| TASK TO COMPLETE |
The listing is to be returned word for word, without its images.

| COLLECTED MATERIAL |
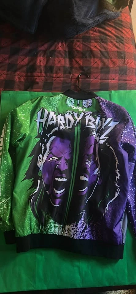 WWE Hardy Boyz Bomber Jacket w purple & green sleeves
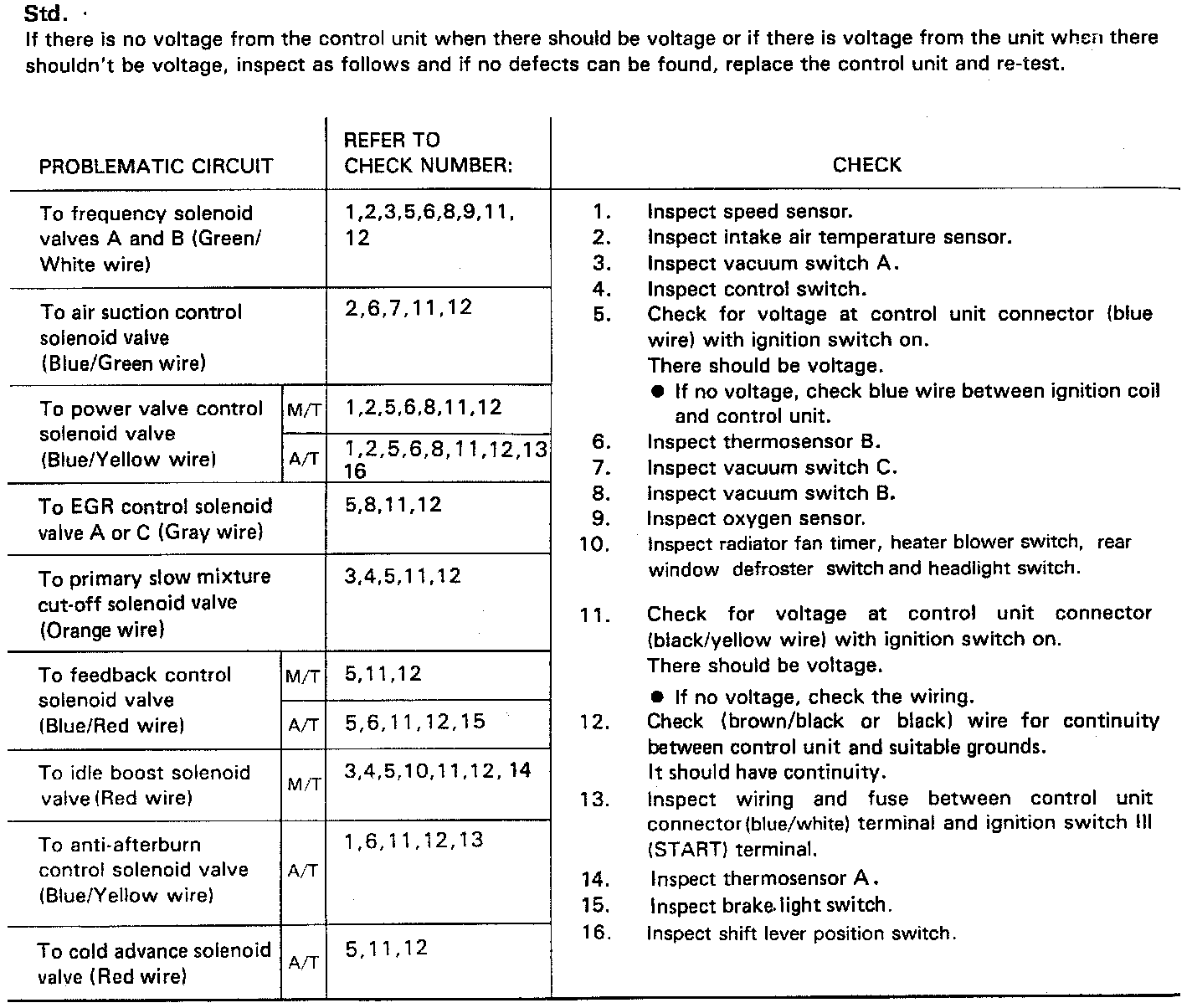 5. If both solenoid valves do not operate, check for voltage at green/white wire while running engine at approximately 2500 RPM.
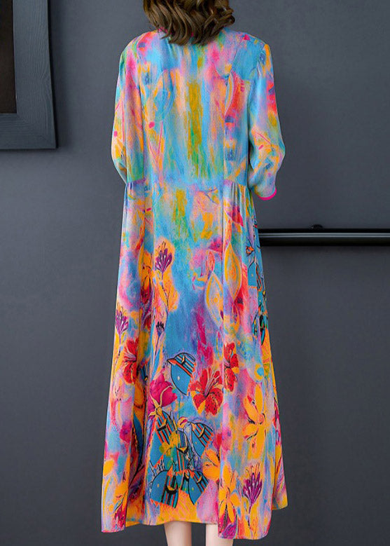 Plus Size O-Neck Print Silk Dress Long Sleeve

| WORKED SOLUTION |
 WWE Hardy Boyz Bomber Jacket w purple & green sleeves
 5. If both solenoid valves do not operate, check for voltage at green/white wire while running engine at approximately 2500 RPM.
 Plus Size O-Neck Print Silk Dress Long Sleeve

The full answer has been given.